START GIVEN INFORMATION

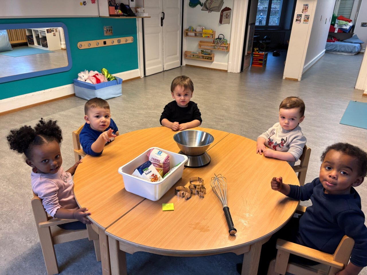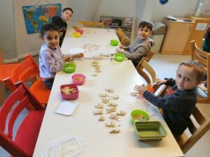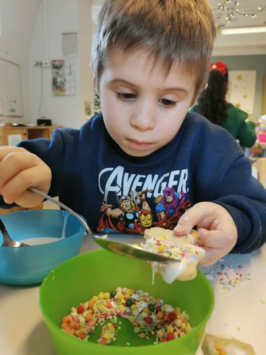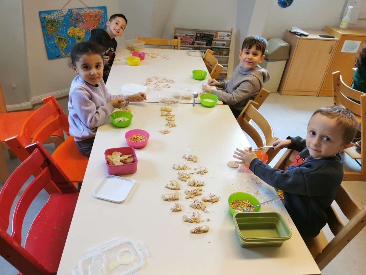 À l’approche des vacances de Noël, aussi bien les enfants du groupe des bébés que ceux du groupe scolaire ont participé à une activité conviviale et très appréciée : la préparation de biscuits de Noël.
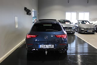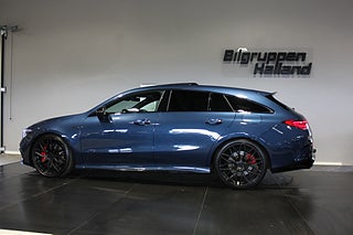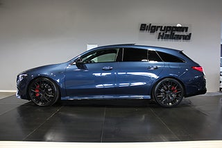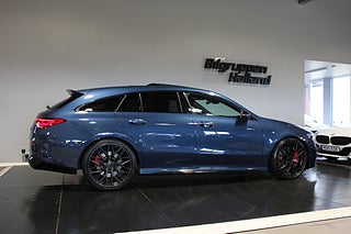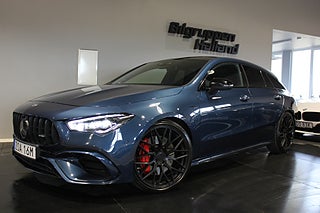 Nu har du möjlighet att förvärva en Svensksåld Mercedes-Benz CLA45 S 4MATIC+ Shooting Brake från 2023 i exklusiva Denim Blue Metallic – en kompromisslös AMG-modell som kombinerar brutal prestanda med premiumkänsla och praktisk Shooting Brake-design.
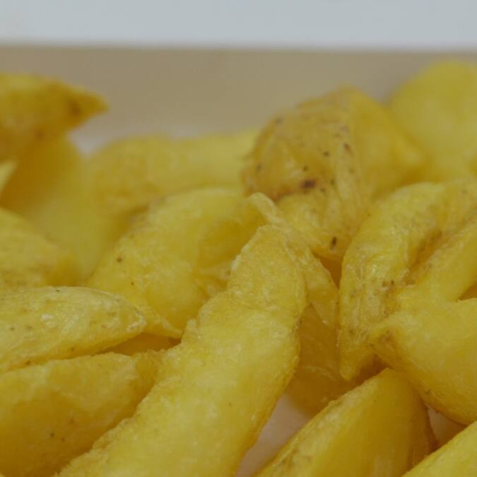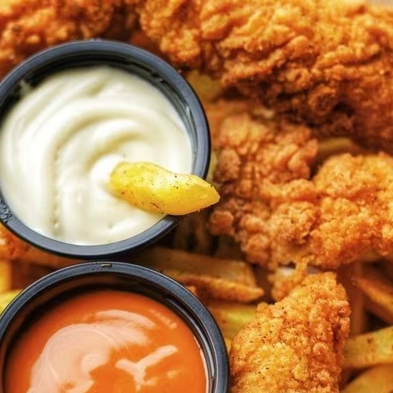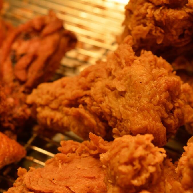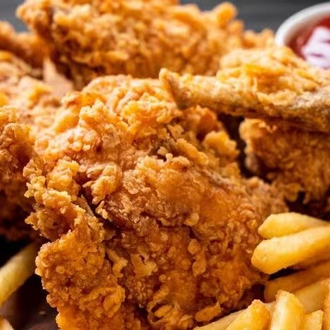 Pedaços variados de frango (sobrecoxa, meio da asa, coxinha da asa, filé de sassami) super crocantes (aproximadamente 250g), com um tempero especial, empanados e fritos.

END GIVEN INFORMATION

#### [TASK PROMPT]
For each line above, output its wording exactly and leave out any picture.

#### [TASK RESPONSE]
 À l’approche des vacances de Noël, aussi bien les enfants du groupe des bébés que ceux du groupe scolaire ont participé à une activité conviviale et très appréciée : la préparation de biscuits de Noël.
 Nu har du möjlighet att förvärva en Svensksåld Mercedes-Benz CLA45 S 4MATIC+ Shooting Brake från 2023 i exklusiva Denim Blue Metallic – en kompromisslös AMG-modell som kombinerar brutal prestanda med premiumkänsla och praktisk Shooting Brake-design.
 Pedaços variados de frango (sobrecoxa, meio da asa, coxinha da asa, filé de sassami) super crocantes (aproximadamente 250g), com um tempero especial, empanados e fritos.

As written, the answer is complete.